What the task asks
Omit all pictures. Quote the lines from the one with "Designul telescopic permite" through the end of the listing below, exactly as they appear.
##### Raw data
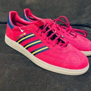 Rare sample pair of Adidas Handball Spezial sneakers in Red Blue Yellow colors. This men's shoe in size 9 US (8.5 UK, 42 2/3 EU) features a lace-up closure, rubber outsole, and synthetic upper material. With a low-top shoe shaft style and standard shoe width, this athletic shoe is customized with a solid pattern and red-white-blue character. It offers cushioning, non-slip design, comfort, performance, and breathability, making it suitable for various activities such as gym training, walking, soccer, and netball. This unique sneaker was manufactured in 2025 in Vietnam as part of the adidas Handball product line.
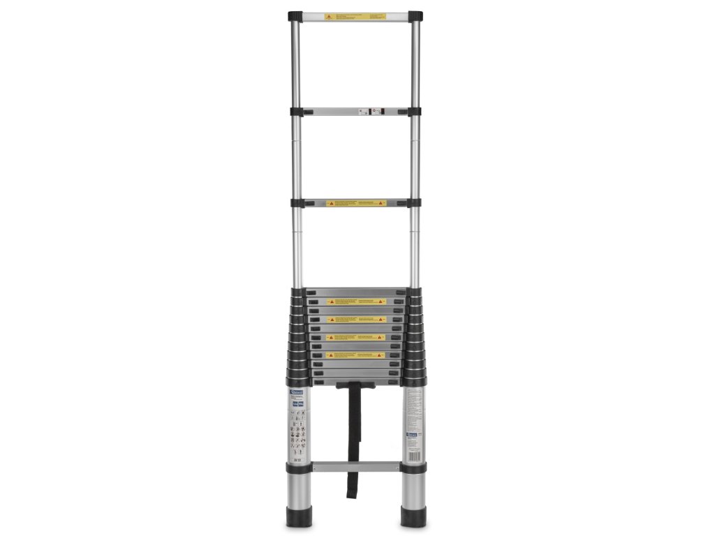 Designul telescopic permite extinderea și retragerea secțiunilor individuale, oferind posibilitatea de a ajusta lungimea scării pentru diverse sarcini, inclusiv pentru lucrul la înălțime sau în locuri greu accesibile. Scara este echipată cu mecanisme de blocare care asigură stabilitatea și siguranța utilizării, prevenind astfel alunecarea accidentală a secțiunilor.
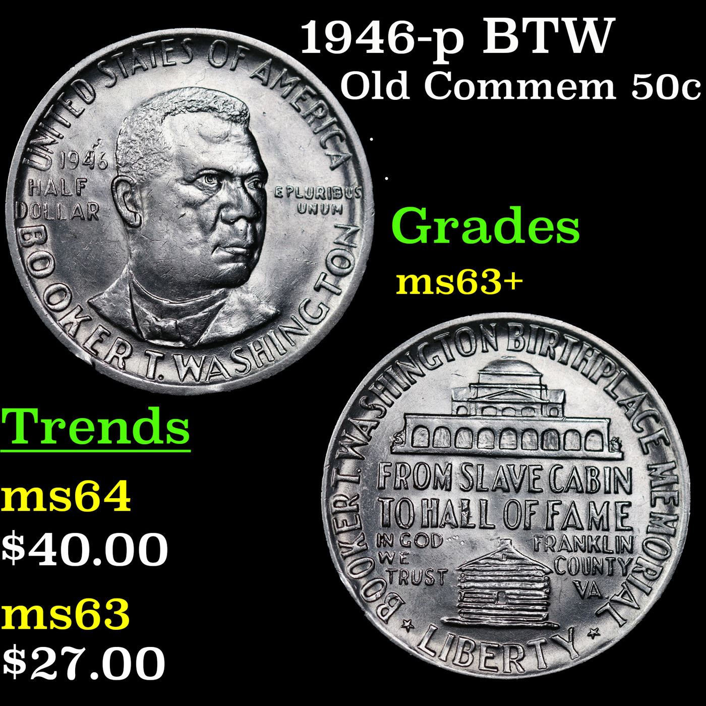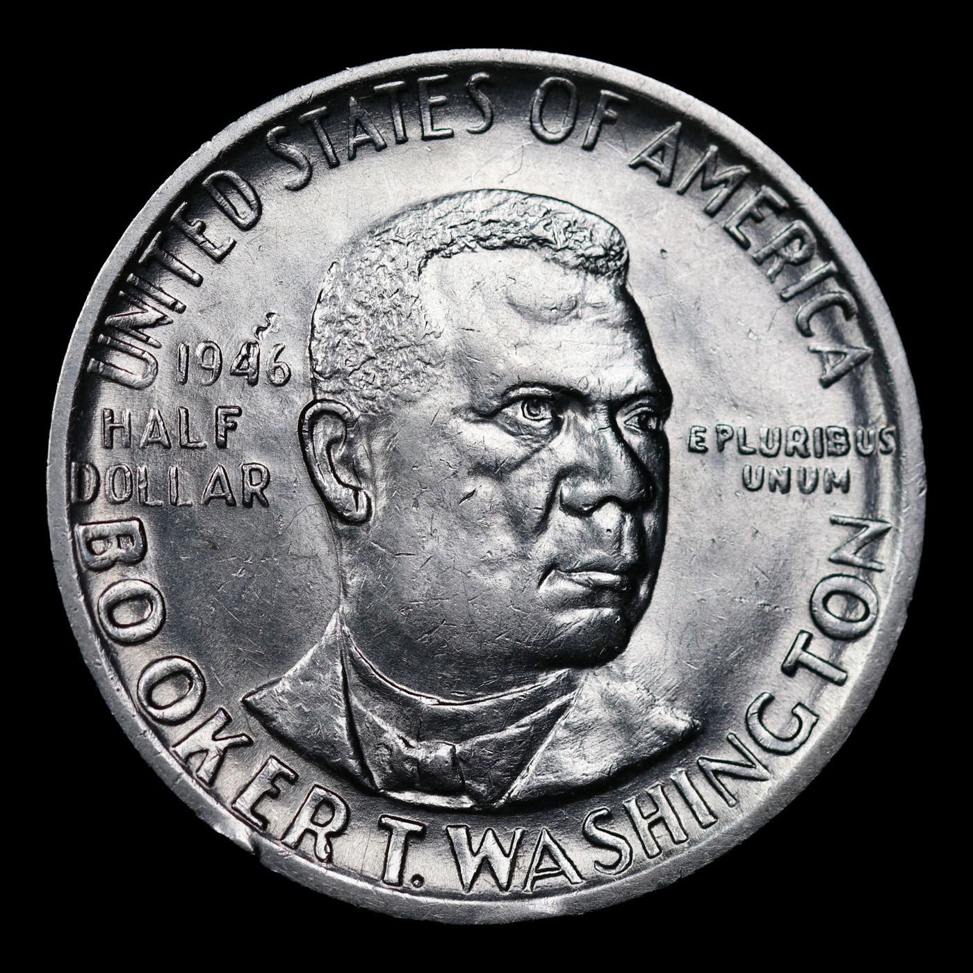 1946-p BTW Old Commem Half Dollar 50c Grades Select+ Unc. When examining a Booker T. Washington commemorative look for wear on the high points, on the obverse that is Mr. Washington's right Cheek (from his perspective), and on the reverse the arches on the top building.
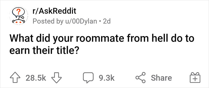 Hit TV shows like Friends may have convinced us that sharing a tight space with someone can lead to life-long meaningful friendships. Unfortunately, that's rarely the case, and one thread on Ask Reddit illustrates it perfectly. A few days ago, Redditor 00Dylan reached out to people online to hear about their nightmarish roommates from hell and wondered how they earned this title.
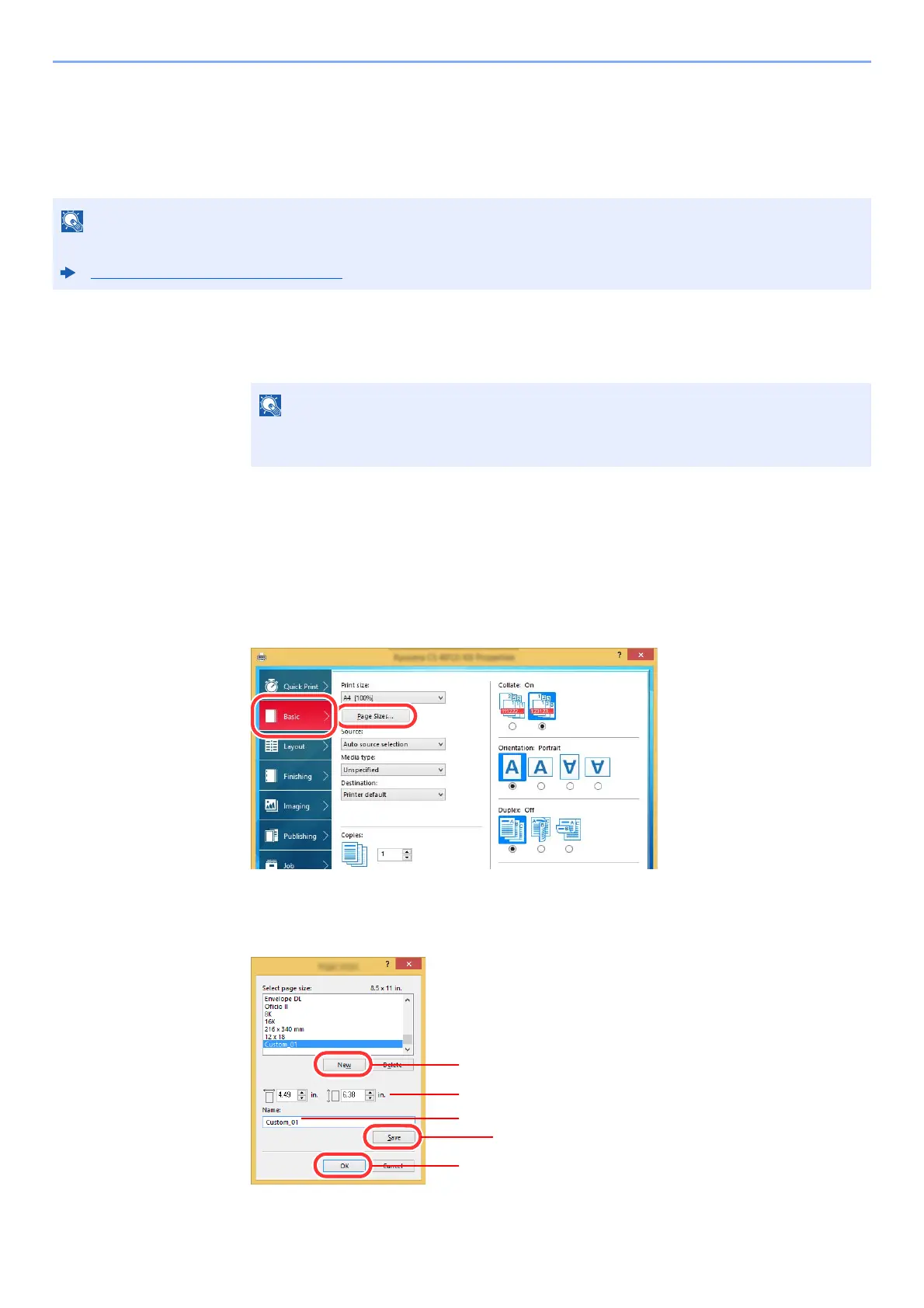 If you loaded a paper size that is not included in the print sizes of the machine, register the paper size in the [Basic] tab
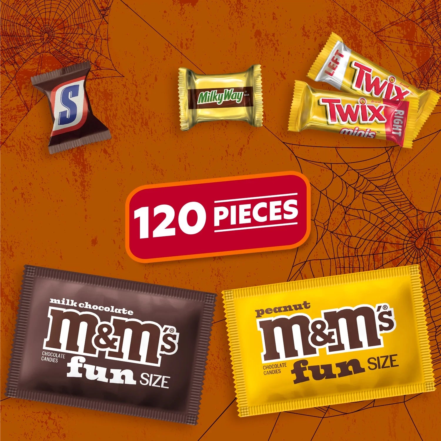 M&M'S, Snickers, Twix & Milky Way Chocolate Halloween Candy Variety Pack, 120 Pieces Bulk Bag
##########
Reply
 Designul telescopic permite extinderea și retragerea secțiunilor individuale, oferind posibilitatea de a ajusta lungimea scării pentru diverse sarcini, inclusiv pentru lucrul la înălțime sau în locuri greu accesibile. Scara este echipată cu mecanisme de blocare care asigură stabilitatea și siguranța utilizării, prevenind astfel alunecarea accidentală a secțiunilor.
 1946-p BTW Old Commem Half Dollar 50c Grades Select+ Unc. When examining a Booker T. Washington commemorative look for wear on the high points, on the obverse that is Mr. Washington's right Cheek (from his perspective), and on the reverse the arches on the top building.
 Hit TV shows like Friends may have convinced us that sharing a tight space with someone can lead to life-long meaningful friendships. Unfortunately, that's rarely the case, and one thread on Ask Reddit illustrates it perfectly. A few days ago, Redditor 00Dylan reached out to people online to hear about their nightmarish roommates from hell and wondered how they earned this title.
 If you loaded a paper size that is not included in the print sizes of the machine, register the paper size in the [Basic] tab
 M&M'S, Snickers, Twix & Milky Way Chocolate Halloween Candy Variety Pack, 120 Pieces Bulk Bag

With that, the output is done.